Award BIOS Beep Codes - BIOS Central


----------



## panhandleFL1960 (Dec 17, 2011)

I swapped the sticks around and tried to start with only 1 or 2 and swapped all sticks in order and did not get anything different except for 2 combinations gave me the 2 beep pause message for bad parity. Is it possible to lose all 4 sticks or could this be the PSU just not creating enough juice? I appreciate the quick reply, but I have gone to the beep codes and followed the stick swapping to find the bad stick, but I am still not getting anything but a bad memory message. What do I try next? I got a good article on testing the output voltage of the PSU and I will try that first. I was wondering if it is likely to have all 4 1gig sticks crap out at the same time or since the swapping around trouble shoot didn't work, what's the next step.


----------



## dai (Jul 2, 2004)

make sure the ram is seated the clips clicking does not mean it is seated

what are you running
video card brand and model
cpu
m/board
ram
power supply
brand
model
wattage

check the listings in the bios for 12v line voltages and temperatures and post them


try a higher wattage psu in it

Driverheaven Guides: testing your psu with a multimeter


----------



## panhandleFL1960 (Dec 17, 2011)

I tested all of the power on the 20 pin and it was right on the money with barely any deviation in voltage. As for the info:
OS-Windows Vista Home Basic
Video-Diamond Ati Ratheon 2400 512 Mb
CPU-AMD Athlon 64 X2 3800+ 2.0g 512K 2c 65W
RAM-4 gig-2 Dell DDR2 667mb 128x64 6400U, 2 Kingston DDR2 667 mb RX8 5300U bought from dell
PSU- AcBel PC 6037, 300W
I really appreciate the help. My funds aren't great and the PC really worked well until it didn't. I never really had many problems with Vista. I tested the power supply voltage and it was not off but by 100ths of a volt. I have tried 1 memory stick in each slot, in pairs, I kept track to try most every configuration and still have had no luck. I am only trying to fix this without buying a bunch of unnecisary parts. Thanks again.

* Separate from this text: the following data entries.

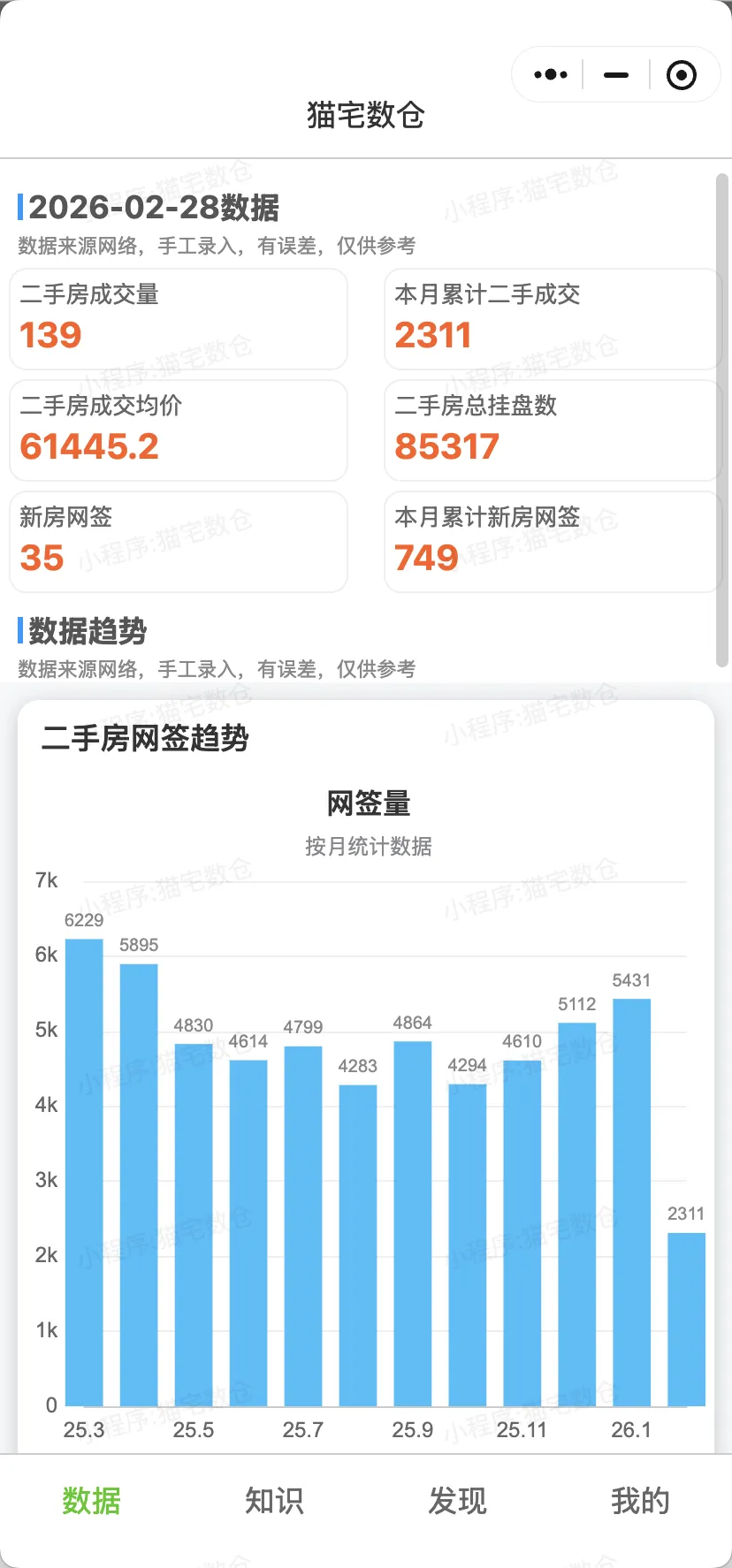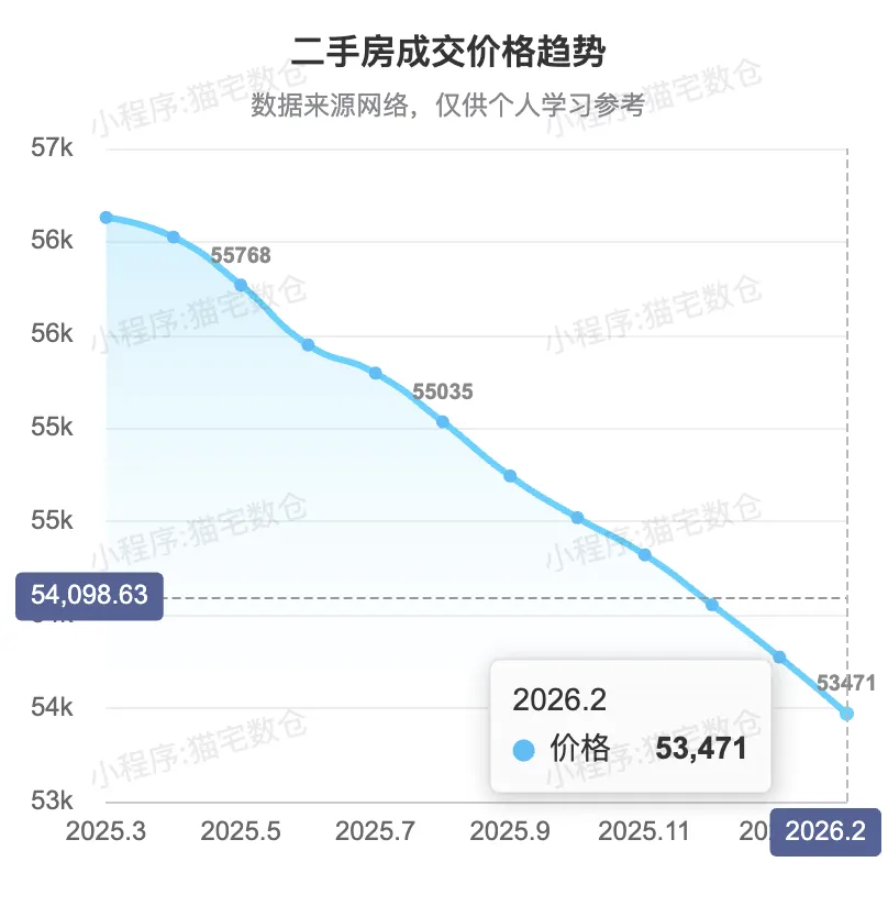 按例,本月继续更新上个月总体二手网签数据:当月成交量、历史成交量趋势、成交价格。数据维度,深圳2026年2月,总体上来说,深圳当月成交2311套,对比上个月成交量上腰斩不过这里腰斩的原因其实很简单,每年的1月或者2月会遇到春节假期,往往这段时间数据会失真,所以也没必要太过于较真”这个月的数据怎么了“当然了,也不是数据毫无意义,每次的数据变动,都反映了一定的经济活动变迁。比如2月的数据反映了春节活动的到来,大部分地方都停工停业,城市居民很多回老家休息庆祝节日,城市经济活动变缓,但是对应的三四线城市经济活动活跃了。2月的楼市价格持续下探,跟过去几个月的情况基本一样。那么有问题吗?其实还是上次的结论,从趋势来说,价格短期很逆转,价格的影响因素有很多,但是最直接关联的,大家可以参考租售比。为啥老说租售比呢,大家可以想想,如果一个房子租售比只有1%,但是存款利息可以达到2-3%,那么自然会觉得租房更划算。从交易角度,大家在成交不够活跃的情况,更愿意去压价,达到一个投资的安全区间。所以这里也不是唱空,就是纯粹从价值的角度看,大家心理都会一把尺子。当然了,现在确实租售比,不大行,不过还是很多人觉得房子有非常高的情绪价值,所以也继续会有很多低租售比的成交。整体来说,大家继续观察数据,多看数据,多想想数据背后意义。每次都有人问建议,那么还是那句话:如果说房子给了很高情绪价值然后经济压力很小,非常鼓励买房,有能力的人多买房可以促进经济发展。如果自己经济有危机,就多想想,实在不行就多聊聊价格,个人安全最重要嘛。后续的话,依然会继续踩盘,写真实踩盘情况,欢迎大家关注。然后想买房或者了解房子的朋友也可以加群交流,买不买都可以加,多交流可以让你有更多买房的认知。如果二维码过期了,可以公众号私信加群。一些数据说明:数据来源机构提供、私单录入、三方网络平台、群友提供、部分业主补充等,收集比较繁琐,一些数据在excel处理过程由于格式转换或者其他格式的来源处理转换的过程中,可能会出现误差,比如小区名的错别字、单价误差,作者已经纠正一批, 若发现错误数据,请在公众号后台私信或者留言纠正。数据大部分是住宅,可能存在一些商用、公寓、双拼、高评数据,注意甄别,若有疑问可以留言。最后整体数据不是全部的,仅为部分数据,数据整体不构成买卖建议,若有疑问依然可以单独留言。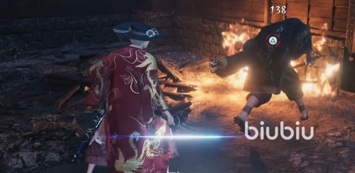 另外这个攻击还可以减少敌人的精力,同时恢复我们用出来紫电效果消耗的精力。这个切换手感是要抓好的,手抬起来的时候就切,这样转身动作就很流畅了。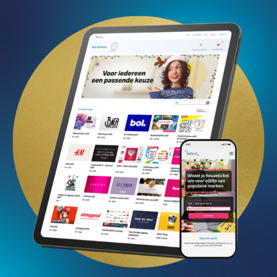 Verras deze kerst met een digitaal geschenk waarmee medewerkers/ klanten zelf hun favoriete eGift kunnen kiezen. Ontvangers kunnen kiezen uit een reeks opties waaronder populaire A-merken en onze One4all thema cadeaukaarten. Perfect voor wanneer je werknemers en/of klanten wilt verrassen met een grote keuze aan bekende digitale cadeaukaarten. Van dineren en winkelen tot reizen en vrije tijd, er is voor elk wat wils. Jij bepaalt de waarde van elke Select code, of het nu een beloning is van €5,- of een kerstgeschenk van €150,-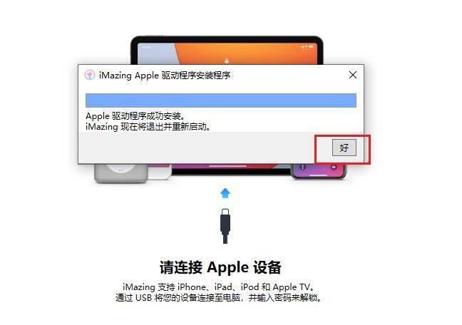 点击“安装Apple驱动程序”,这时就会进行下载。待下载完成后就会弹出提示,显示驱动程序已安装,将重新启动imazing软件,点击“好”即可。

And by the way, on the memory sticks, I checked the slots, cleaned the slots with compressed air and made sure they were fully engaged in the slots. I get the same thing on all different configurations, so I'm wondering if it is likely to have all of the sticks go at once or is the problem elsewhere. Will a dead CPU cause the constant tone. When all sticks are removed, the beep code is 2 pause, 2 pause etc. and Award lists this as bad parity.


----------



## dai (Jul 2, 2004)

unlikely all sticks would go at the same time unless a voltage surge occurred

see if you can borrow a larger wattage psu to try in it

run dell diagnostics

check your cpu temp in the bios if it lists it


----------



## panhandleFL1960 (Dec 17, 2011)

So it could be a drain that is not allowing boot? I thought I should have gotten a larger PSU when I put the Raytheon card in. I checked the PCU and socket and blew it out and reinstalled. There was nothing left of the thermal paste but powder. Could the CPU be toast? The CPU fan and sink had a pretty bad clog about 6 months ago. I had been blowing it out regularly, but got behind. I'm just trying to give all of the info I can. I will not restart it until I get some thermal paste and recoat the chip where it contacts the sink. Dai, I really

appreciate the know how. Besides the thermal paste being gone, the caps look good, and there is no apparent shorts, I used a trouble shooting tip sheet and tested the grounds. I will try replacing the PSU and go from there. Thanks again.


----------



## dai (Jul 2, 2004)

the paste could be the cause

Arctic Silver Incorporated - Route to Product Instructions for Arctic Silver 5


----------



## panhandleFL1960 (Dec 17, 2011)

Would a fried PCU cause the constant beep? I'll start with the thermal compound a new PSU and go from there. Thanks again.


----------



## dai (Jul 2, 2004)

overheating cpu would

but they rarely burn out these days as they have a thermal shutdown incorporated into them


----------



## panhandleFL1960 (Dec 17, 2011)

Thanks for the help, I have a 350 watt dell replacement PSU that has already shipped and I ordered a tube of Arctic Silver 5 for the sink issue. If I'm lucky, I'll get it back up before the weekend. I will let you know how it turns out. Thanks again M8!


----------



## dai (Jul 2, 2004)

it's pcie would have preferred a 550w unit


----------



## panhandleFL1960 (Dec 17, 2011)

I got this one for 16.99 from Red Planet trading, pretty much to see if that's the problem. I have had the card in for 4 years and this is the first glitch. If it comes back to life, I'll get it upgraded. I know I'll have to drop 150+ dollars minimum to upgraded to a 500 watt or better and I just don't have the funds right now, Holidays and all. I'll keep my fingers crossed. If I have to replace the motherboard and the PCU it'll kick me for another 160 bucks. Thanks for all of the help.

Hello again,
I got the PSU, pulled out the PCIE video card, to run off of the mobo shared video, installed a ram stick in slot 4, as Dell recommends for single memory, and installed the PCU with the center dot method after meticulously cleaning the processor and the heat sink and I got the same continuous beep. I swapped around all 4 cards, pulled the BIOS battery and tried all other troubleshooting tests we previously went through. So what's the next thing to look at? If I remove all of the sticks, I still get the 2 beep pause code for bad parity, does that mean my mobo may be OK? Not frustrated yet, due to the great help you have provided. Thanks.


----------



## dai (Jul 2, 2004)

have you run dell diagnostics


----------



## panhandleFL1960 (Dec 17, 2011)

It wont boot at all. At power on, the hard drives, fans etc. can be heard powering up, but no video. Just the continuous beep. I tried starting it with the utilies CD in the drive, but it will not get past the power up.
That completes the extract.